To define the hook, and specify which users and groups have access to it, we need to add it to our database. Specifically, we need to modify either uf_authorize_group or uf_authorize_user.
Let's suppose we want to allow access to this page for an entire group. Then we go into uf_authorize_group (for example, through phpMyAdmin), and insert a record:
| id | group_id | hook | conditions |
|---|---|---|---|
| x | 1 | uri_account-groups | always() |
group_id is the group that we are authorizing access for, for example, the Users group. uri_account-groups is the hook that we are defining, and conditions lets us use an expression to limit the conditions under which members of this group have access. To always allow access for this group, simply use the condition always().
Cool! Now anyone who is a member of group 1, that is the Users group, will be able to access your new page. Anyone who isn't a member, including unauthenticated users, will be shown a 404 error page.
Linking to Your Page in the Navbar
What's that, you want your page to show up in the sidebar? Well, ok.
Head on over to userfrosting/templates/themes/default/menus/sidebar.html. You'll see some links like:
{% raw %}
{% if checkAccess('uri_users') %}
<li>
<a href="{{site.uri.public}}/users"><i class="fa fa-users fa-fw"></i> {{ translate("MENU_USERS") }}</a>
</li>
{% endif %}
{% endraw %}The checkAccess function in Twig works just like $app->user->checkAccess. This will let you display a menu item only when the user has access to that page.

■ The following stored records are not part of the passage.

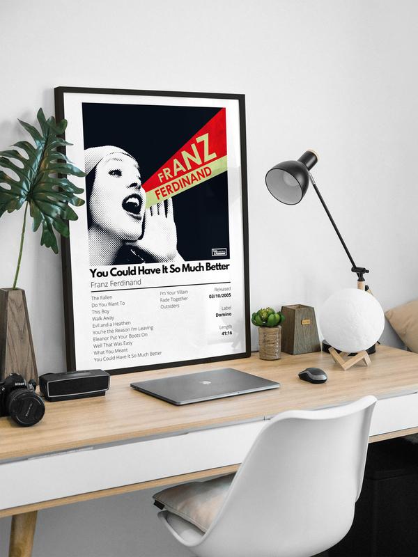 Постер альбому Franz Ferdinand - You Could Have It So Much Better. Формат: А3. Розмір: 30 х 42 см. ⠀ Матеріал: крейдований папір щільністю 200 г/м. Комплектація: постер А3 без рамки. Доукомплектувати рамкою можна окремо під замовлення.
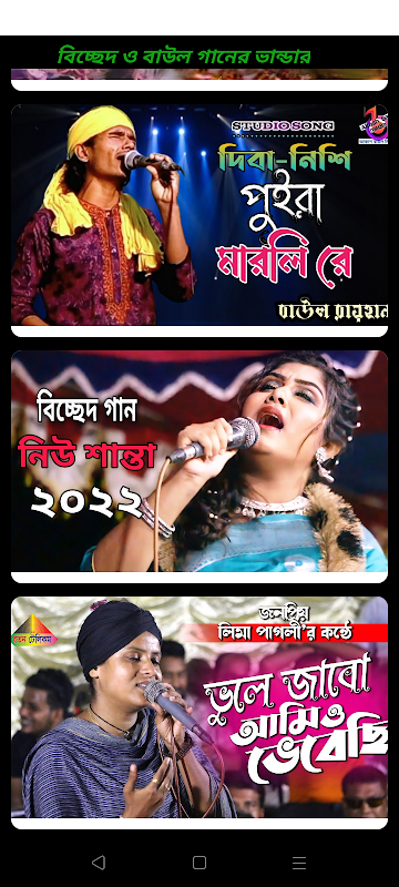 আমাদের অ্যাপে গ্রাম বাংলার জনপ্রিয় বিচ্ছেদ ও বাউল গানের ভিডিও উপভোগ করতে পারবেন।
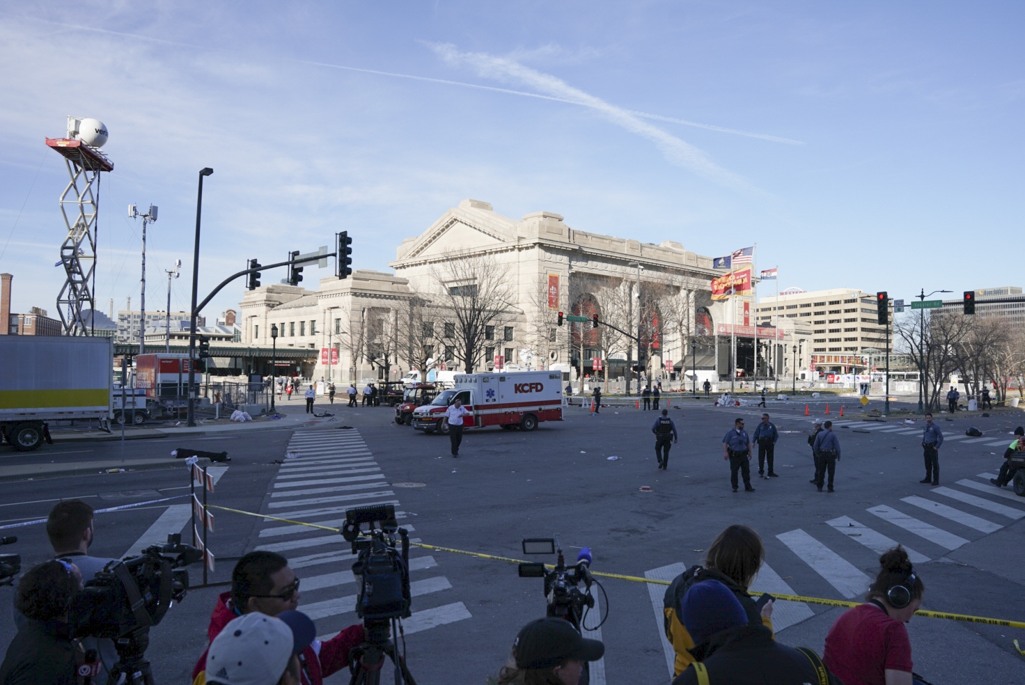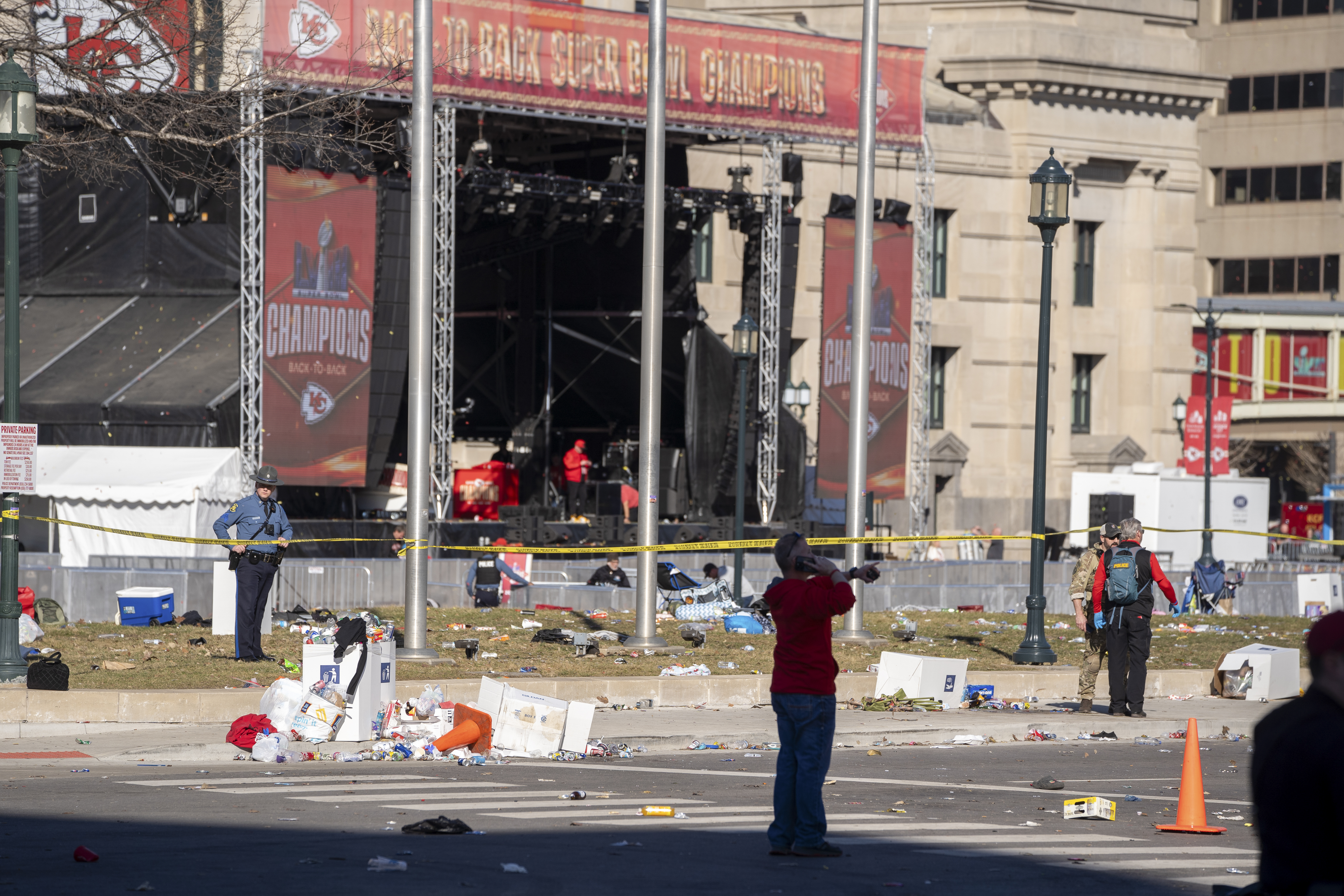 Reporteros trabajan en la línea de policía después de que se produjeron disparos cerca del desfile de la victoria del Super Bowl de Kansas City en Kansas City. Foto: (Christopher Smith/The New York Times).Credit: NYTThe scene at the event stage after shots were fired near the Kansas City Super Bowl victory parade in Kansas City, Mo., Feb. 14, 2024. A rally to celebrate the Kansas City football team’s Super Bowl victory was marred when several people were shot near the city’s Union Station on Wednesday afternoon, the police said. (Christopher Smith/The New York Times) Credit: NYT
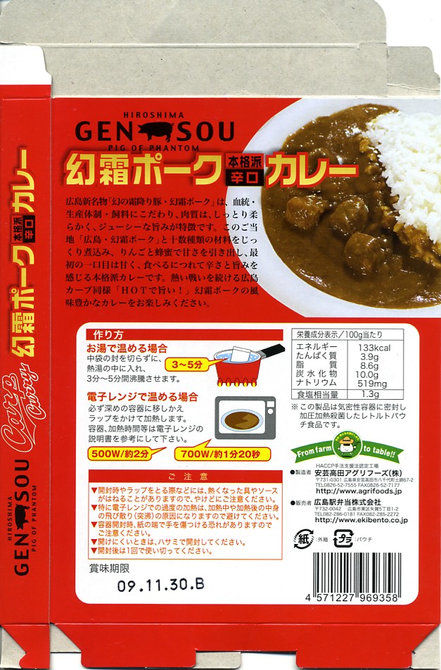 上記駅弁群の関連商品としてのレトルトカレーで、2008(平成20)年7月1日に発売。プロ野球「広島東洋カープ」のマスコットキャラクターと中身のイメージ写真などを印刷したパッケージに、無地銀色のレトルトパックを詰める。中身は豚肉とルーのみのポークカレー。通信販売対応商品。
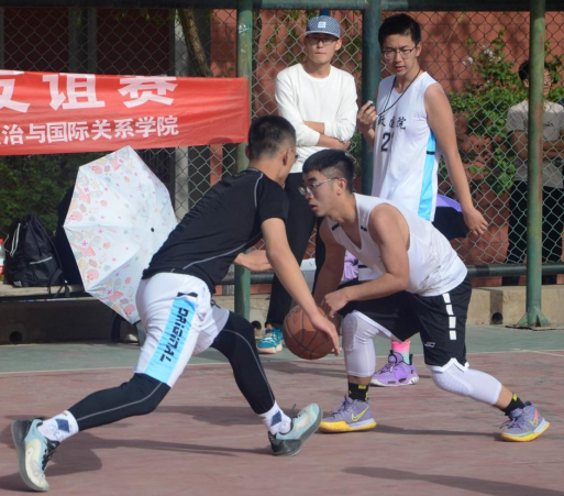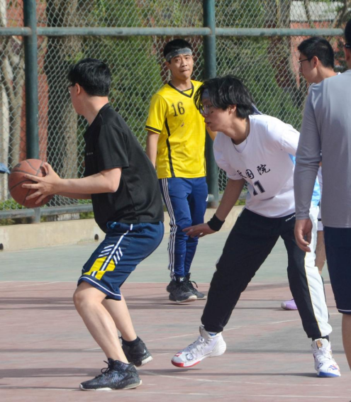 在短暂热身过后,双方队员各自就位。伴随着一声哨声,球被抛向空中,学生队刘一博与米老师同时高高跃起争夺球权,只见刘一博手一拨,学生队率先拿到球权发起进攻。上半场时间内,学生队受到老师们的压制,得分暂时落后于老师队伍,但他们并没有因此气馁,在中场休息时及时调整战术。下半场开始,学生队伍的快速反攻,高密度防守让得分差距慢慢缩小,老师队伍得分不再那么轻松,双方打得有来有回,比赛呈胶着状态,战况激烈。比赛进行到最后一分钟,比赛双方仍然积极防守和进攻。最终,学生队伍惜败老师队伍。赛后,老师们为学生队传授自己多年的篮球经验,同学们积极吸取经验,相信在老师们的经验分享与日常刻苦的训练后,我院篮球队将会一步步增强实力,在日后的比赛中所向披靡,势不可挡。
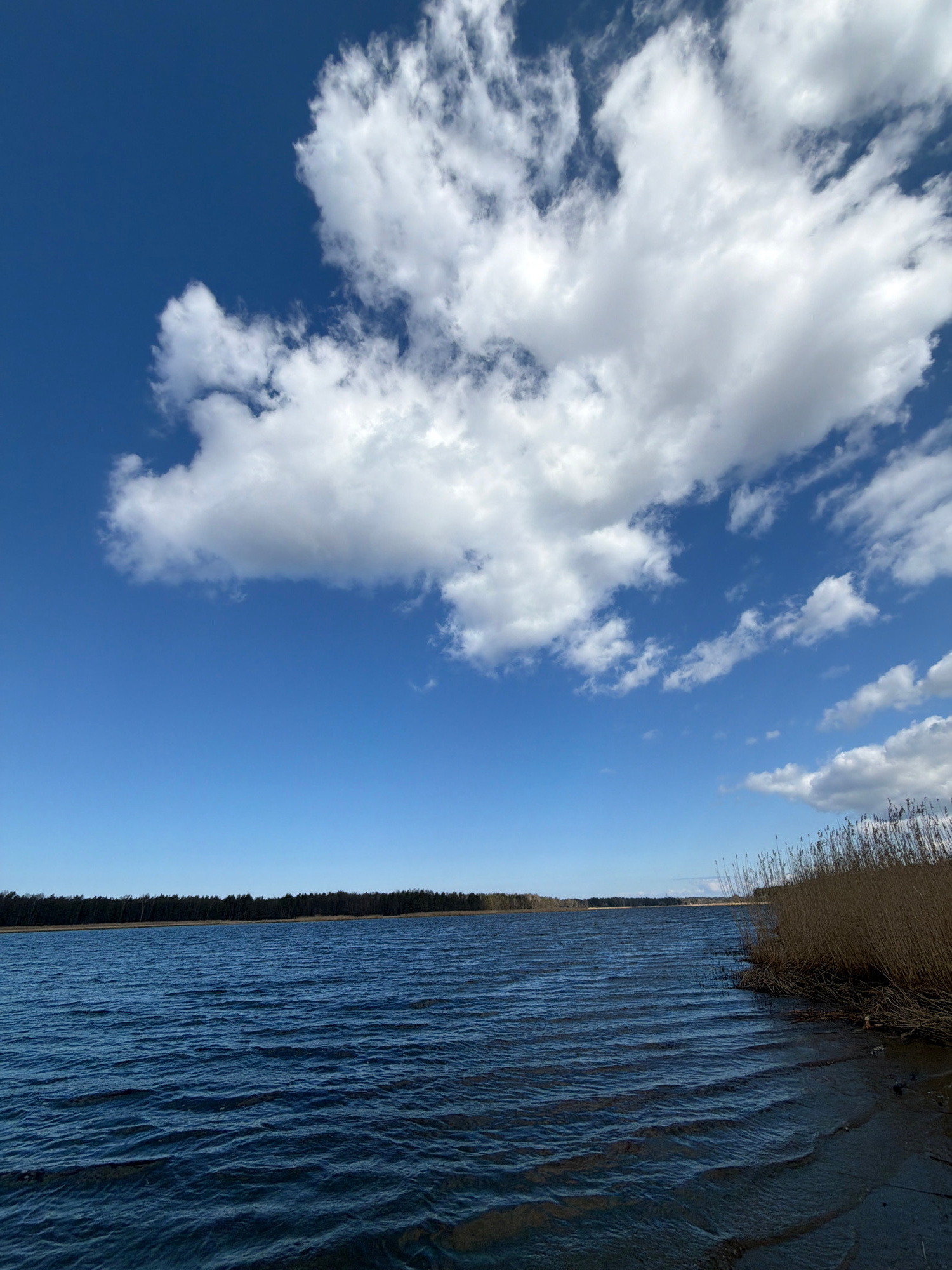 The image shows a body of water with a blue sky and white clouds. The water has small ripples on the surface and the shoreline is lined with reeds and trees. The location is likely a lake or river in…read more
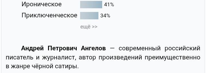 В оправдание могу процитировать админа - Ольгу Ворогушину (Андрееву), что составила мою биосправку для Фантлаба, в 2017-м. Вольга заявляет, что Андрей Ангелов - это автор в жанре чёрной сатиры.
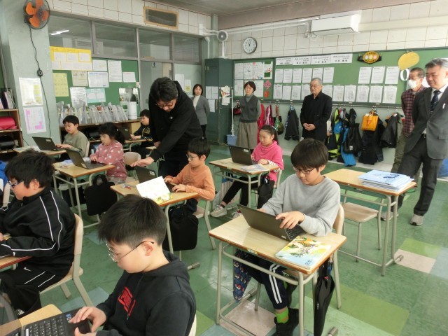 委員の皆様からは、子どもたちの落ち着いた学習の様子や、ICT機器を使った授業の様子、主体的に取り組む姿について温かい言葉をいただきました。

{% raw %}{{site.uri.public}}{% endraw %} is the root URL of your site, which UserFrosting automatically detects and loads into the global site variable.
The translate function allows for multilanguage support. If you want to have different versions of the text for this menu item depending on the user's locale, you can define a message id in the various language files in userfrosting/locales, and translate will select the appropriate message for the current user's locale. If you don't care about multilanguage support, you can simply put the text here that you'd like the menu item to appear as:
{% raw %}
{% if checkAccess('uri_account-groups') %}
<li>
<a href="{{site.uri.public}}/account/groups"><i class="fa fa-tags fa-fw"></i> My Groups</a>
</li>
{% endif %}
{% endraw %}And that's it! I hope this was helpful!